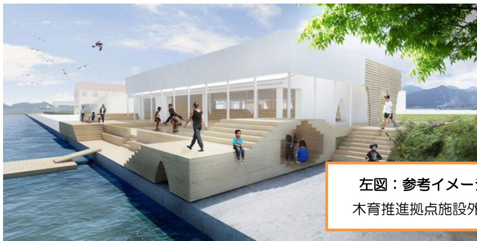
左図:参考イメージ 木育推進拠点施設外観
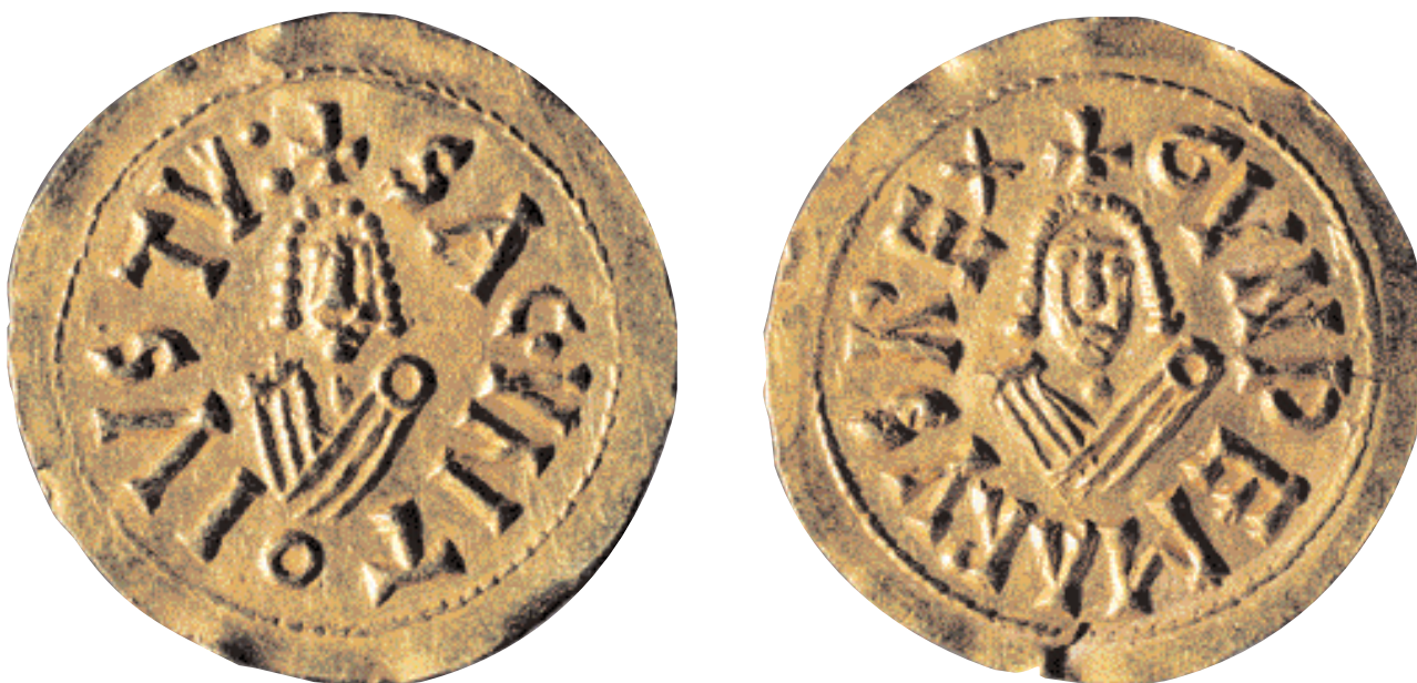
Triente de Gundemaro (610-612 d.C.) de la ceca de Sagunto (MNAC, Calveras, Mérida, Sagristà) (x 4).

se utilizaba con la misma finalidad y así parece desprenderse de los datos proporcionados por los tesoros de moneda de bronce ocultados en Hispania durante el altoimperio. Estos tesoros son en su mayoría de tamaño reducido y están compuestos por monedas de escaso valor, por lo que probablemente sus propietarios pertenecían a aquellos sectores más desfavorecidos de la sociedad para quienes un pequeño lote de monedas de bronce era una considerable riqueza. En la zona valenciana se han documentado diferentes tesoros de este tipo: Horta Seca, Alaquàs, El Madrigal y el Tossal de Manises, por citar algunos ejemplos. La moneda es un medio de cambio cuando sus valores están en relación con los precios de las transacciones cotidianas y su equivalencia es estable. Los datos proporcionados por las excavaciones arqueológicas realizadas en algunos núcleos urbanos de Hispania donde aparecen monedas de oro, plata y bronce, reflejan que en las transacciones económicas se utilizaban todo tipo de denominaciones, si bien en el conjunto de la masa monetaria suele prevalecer la moneda de bronce.

## [WHAT IS NEEDED]
Pass over the images and copy the rest of the material above exactly.

## [RESULT FOR THIS EXERCISE]
左図:参考イメージ 木育推進拠点施設外観
Triente de Gundemaro (610-612 d.C.) de la ceca de Sagunto (MNAC, Calveras, Mérida, Sagristà) (x 4).

se utilizaba con la misma finalidad y así parece desprenderse de los datos proporcionados por los tesoros de moneda de bronce ocultados en Hispania durante el altoimperio. Estos tesoros son en su mayoría de tamaño reducido y están compuestos por monedas de escaso valor, por lo que probablemente sus propietarios pertenecían a aquellos sectores más desfavorecidos de la sociedad para quienes un pequeño lote de monedas de bronce era una considerable riqueza. En la zona valenciana se han documentado diferentes tesoros de este tipo: Horta Seca, Alaquàs, El Madrigal y el Tossal de Manises, por citar algunos ejemplos. La moneda es un medio de cambio cuando sus valores están en relación con los precios de las transacciones cotidianas y su equivalencia es estable. Los datos proporcionados por las excavaciones arqueológicas realizadas en algunos núcleos urbanos de Hispania donde aparecen monedas de oro, plata y bronce, reflejan que en las transacciones económicas se utilizaban todo tipo de denominaciones, si bien en el conjunto de la masa monetaria suele prevalecer la moneda de bronce.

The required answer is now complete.